Maybe I missed something, but what was the intended distinction between
concat() and join()?

To me, as vocabulary words, concat() implies "concatenate without
separator" and join() implies "concatenate with separator"; as such it
seems unnecessary to explicitly decorate the separator here since it's a
required parameter.

(Both should accept either variadics or ranges, if that's not too
complicated to arrange, though it's likely for join() to be used more
often on ranges; concat() might be more evenly split, though probably
leaning toward variadics.)

Although I suppose
http://www.boost.org/doc/libs/1_63_0/doc/html/string_algo/reference.html#header.boost.algorithm.string.join_hpp
and
http://www.boost.org/doc/libs/1_63_0/libs/range/doc/html/range/reference/utilities/join.html
might not entirely agree on this vocabulary...

(Loads the bikeshed on the back of a bike and rides away.)

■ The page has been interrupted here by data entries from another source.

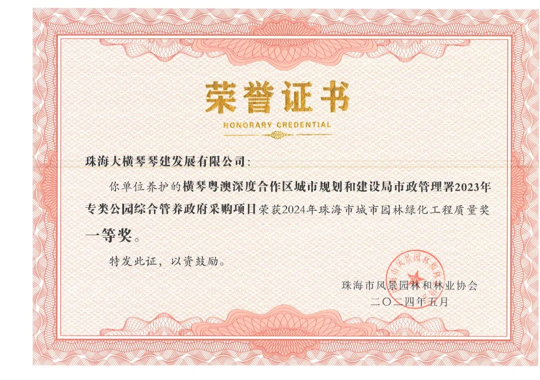 近日,珠海大橫琴集團(tuán)有限公司(以下簡稱大橫琴集團(tuán))下屬企業(yè)珠海大橫琴琴建發(fā)展有限公司所負(fù)責(zé)的生態(tài)養(yǎng)護(hù)與景觀建改項目接連獲得由珠海市風(fēng)景園林和林業(yè)協(xié)會頒發(fā)的多個獎項。
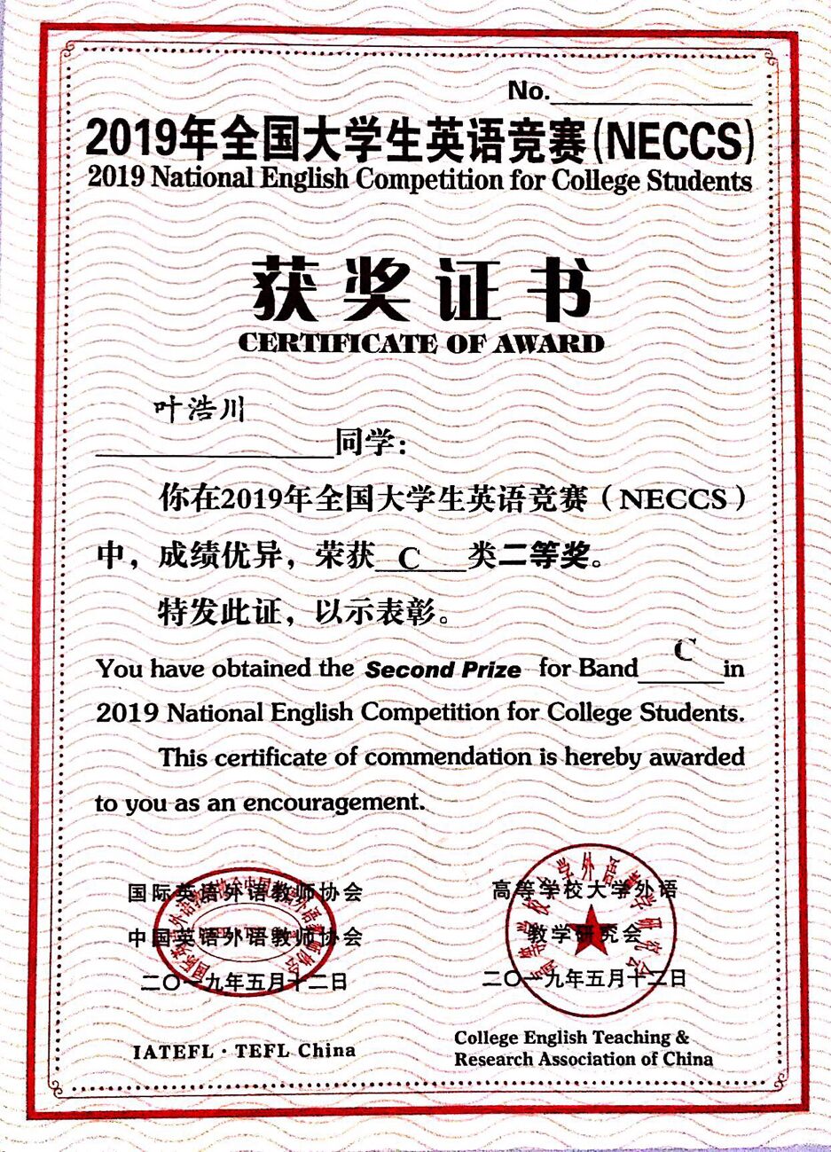 叶浩川在平日生活中学习勤奋刻苦,善于钻研,对待事情严谨,生活中注重学习时间的安排,每日除去上课时间学习时间不少于四个小时,在过去的三个学年中勤奋刻苦,基础知识以及专业知识扎实,成绩名列前茅,除此之外,在学科竞赛方面有自己的建树,在个人学习方面树立了榜样。
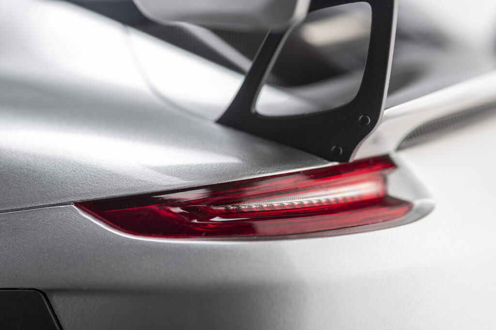 The special resin material enables the flawlessly smooth surfaces of the body, which can be painted multiple times in the original vehicle colors received. The final layer of clear lacquer and careful polishing by hand create the incomparable deep shine that makes the model sparkle from every perspective. The mirror-smooth glazing also contributes significantly to this. All exterior and interior details correspond exactly to the model vehicle - right down to the windscreen washer nozzle or the loudspeaker cover on a parcel shelf. Soft rubber tires in the correct dimensions and with the correct profile prove the meticulous implementation as well as the metal wheel suspensions.
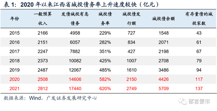 由于江西省2019年开始大力发展直融市场,发债的城投明显增多,2020年首次突破100家,从而导致城投债务率上升速度较快。2019年5月和2020年7月,江西省金融监管局等部门分别印发《关于进一步扩大江西省直接融资规模助力经济发展的若干措施》、《江西省进一步推进企业直接融资行动方案》,明确支持省内企业大力发展直接融资市场。因此,2020年江西省城投债发行额首次突破2000亿元,有存量债的城投首次超过100家。

>>> If "concat" is the outer layer anyway, I would return a std::string
>>> directly for convenience. It is easy to forget the trailing .str() and
>>> it does not look elegant.
>>
>> Of course better proposals are welcome :-) Would you prefer the implicit
>> conversion? If so, why?
>
> Implicit is problematic with auto..

While that's true, I think the flexibility of returning a factory from
concat() is more useful than the discomfort of either remembering the
str() or using std::string explicitly as the type instead of auto (or
using auto combined with explicit std::string construction).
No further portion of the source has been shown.